WHAT YOU HAVE TO DO | Report each line from the listing that the string "Figure" appears in.
DATA PROVIDED START
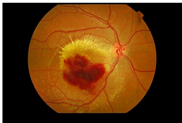
Figure 1. Color fundus photograph of the right eye (OD) 3 weeks after the beginning of visual symptoms. Note the arcuate preretinal hemorrhages in inferotemporal arcade with surrounding hard exudates and severe localized macular edema.

The laboratory examination revealed anti-CMV IgM antibody levels of 57 AU/ml using the electro-chemiluminescence method (normal <30 AU/ml) with low levels of IgG antibody (0.2 IU/ml). The CD4 count was checked and was within normal limits. HIV antibody evaluation tested twice 6 months apart with the ELISA technique was also negative. There was no inflammation or positive findings for progressive retinitis in serial fundoscopy and examination. Four weeks later both IgM and IgG were high; 47.5 AU/ml and 8.3 IU/ml (normal IgG level <0.6 IU/ml). Six months after the first appearance of symptoms, VA increased to 20/40 and retinal hemorrhages and foveal thickness considerably decreased and reached to the near normal value (central foveal thickness reach to 285 \mu ) (Figure 3).
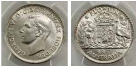
404 1951. PCGS graded MS 63. Ch.UNC $220 - $240 Start Price $80
DATA PROVIDED END
RESULT BELOW |
Figure 1. Color fundus photograph of the right eye (OD) 3 weeks after the beginning of visual symptoms. Note the arcuate preretinal hemorrhages in inferotemporal arcade with surrounding hard exudates and severe localized macular edema.
The laboratory examination revealed anti-CMV IgM antibody levels of 57 AU/ml using the electro-chemiluminescence method (normal <30 AU/ml) with low levels of IgG antibody (0.2 IU/ml). The CD4 count was checked and was within normal limits. HIV antibody evaluation tested twice 6 months apart with the ELISA technique was also negative. There was no inflammation or positive findings for progressive retinitis in serial fundoscopy and examination. Four weeks later both IgM and IgG were high; 47.5 AU/ml and 8.3 IU/ml (normal IgG level <0.6 IU/ml). Six months after the first appearance of symptoms, VA increased to 20/40 and retinal hemorrhages and foveal thickness considerably decreased and reached to the near normal value (central foveal thickness reach to 285 \mu ) (Figure 3).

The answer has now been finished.